Doveva essere l'anno in cui lanciare definitivamente la sua carriera, e invece Riccardo Minali si ritrova catapultato in un incubo. A fine ottobre, il velocista veneto è ancora senza contratto e, al momento, non ci sono trattative vere e proprie in piedi. Impegnato al Tour of Guangxi nell'ultimo appuntamento stagionale con la Israel Cycling Academy, che non gli ha rinnovato il contratto, il figlio d'arte ha centrato due top 10 nelle prime due tappe, ma per ora non basta.
«Starei anche bene fisicamente, le tappe qui mi piacciono perché non sono particolarmente dure - spiega a tuttobiciweb - È l'ideale per finire la stagione. Il problema è che non ho un contratto per la prossima». Demoralizzato, quasi rassegnato, il classe 1995 di Isola della Scala non si sarebbe immaginato di ritrovarsi in questa situazione, a maggior ragione per il fatto che è sempre stato considerato uno dei migliori velocisti italiani emergenti: «C'è qualche contatto, ma poca roba ad essere onesti. Con il mio procuratore ci stiamo adoperando in tutti i modi, ma ad oggi non c'è quasi nulla. Ormai ho anche smesso di essere ottimista, è da luglio che mi dicono di esserlo e per ora non si è concratizzato nulla. Non sono in una situazione facile».
Con gli israeliani non è mai scattato un buon feeling e, anzi, il veronese vuole togliersi qualche sassolino dalla scarpa: «Ho fatto poco su poco, in questa squadra non mi sono trovato per niente bene. 40 giorni di corsa, luglio e agosto fermo senza motivo, visto che comunque la squadra ha corso tanto, pochissimi risultati. Mi avevano promesso mare e monti, e invece non sono state neanche pianure padane».
L'acquisizione della Katusha, infine, ha spezzato le sue poche speranze di rinnovo, che secondo lui non sarebbe comunque arrivato: «Il fatto che si sia unita con la Katusha non ha contribuito, ma sinceramente penso di non essere mai stato nei piani di questa squadra - continua Minali - Anche prima che si sviluppasse questa unione non mi avevano mai parlato di rinnovo. Insomma si vede quando a qualcuno non importa nulla di te. A 24 anni rischio di smettere di correre».
A quel punto viene fuori anche un importante componente psicologica di un ragazzo professionista da appena tre anni che deve lottare per il suo futuro, senza avere effettivamente i mezzi per farlo, visto che le occasioni per brillare sono state molto poche: «È tanto difficile correre in queste situazioni, perché anche se magari hai le gambe, pensi chi te lo faccia fare e quest'anno mi è capitato spesso. Mai come in questa stagione ho avuto tanta forza di volontà, mi sono sempre allenato al massimo, penso di non essere mai stato così magro. Però ad un certo punto ti viene da dire basta; se non l'ho fatto è grazie soprattutto alle tante belle persone che ho attorno».

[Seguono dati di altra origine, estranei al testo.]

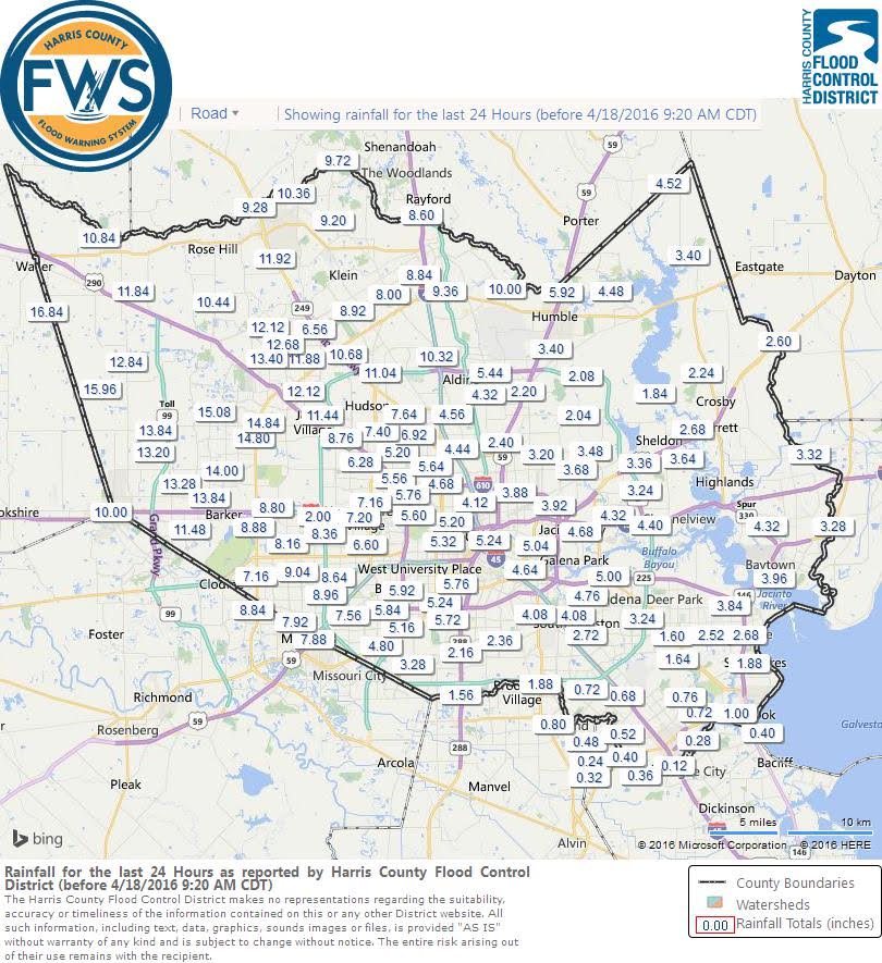 Rainfall amounts of 8-12 inches have occurred across much of northwest Harris County with amounts of 12-15 inches over the extreme NW part of the county into Waller County. Much of the rest NW of the extreme SE part has received 4-6 inches.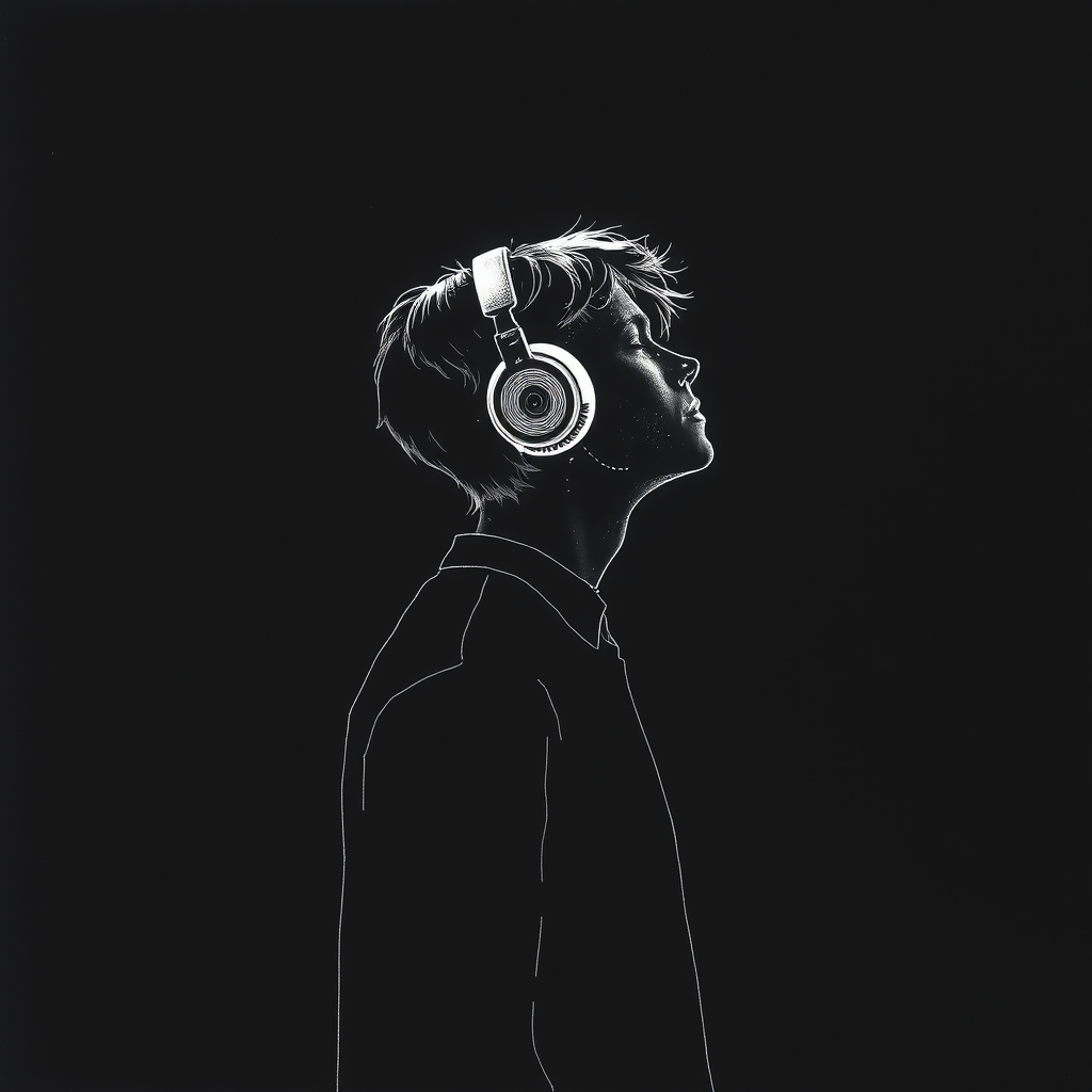 Listening intently, an individual immersed in sound stands in a dark void, headphones sitting snugly over their ears; lines and details etched in luminous white ink on a pitch-black canvas, capturing the serenity of the moment. The tall and slender aspect ratio enhances the elegance of the scene, infused with subtle artistry for a soft yet vivid impression.

I migliori risultati stagionali sono stati il quarto posto di tappa al Tour of Antalya, al Giro di Sicilia e alla Gooikse Pijl, a conferma del fatto che non sia mai riuscito ad esprimersi sui suoi livelli, visto che in maglia Astana era riuscito a competere anche su palcoscenici più prestigiosi. Qui in Cina, però, avrà ancora due/tre occasioni per migliorarsi e far vedere di essere ancora un uomo su cui poter contare: «Sembra quasi che qualcuno ce l'abbia con me, anche se ho le gambe non riesco ad esprimermi per un motivo o per l'altro. Anche nella tappa di ieri penso che avessi in canna una top 5, e invece una sbandata di Bauhaus (poi retrocesso, ndr) mi ha chiuso alle transenne quando stavo arrivando a grande velocità».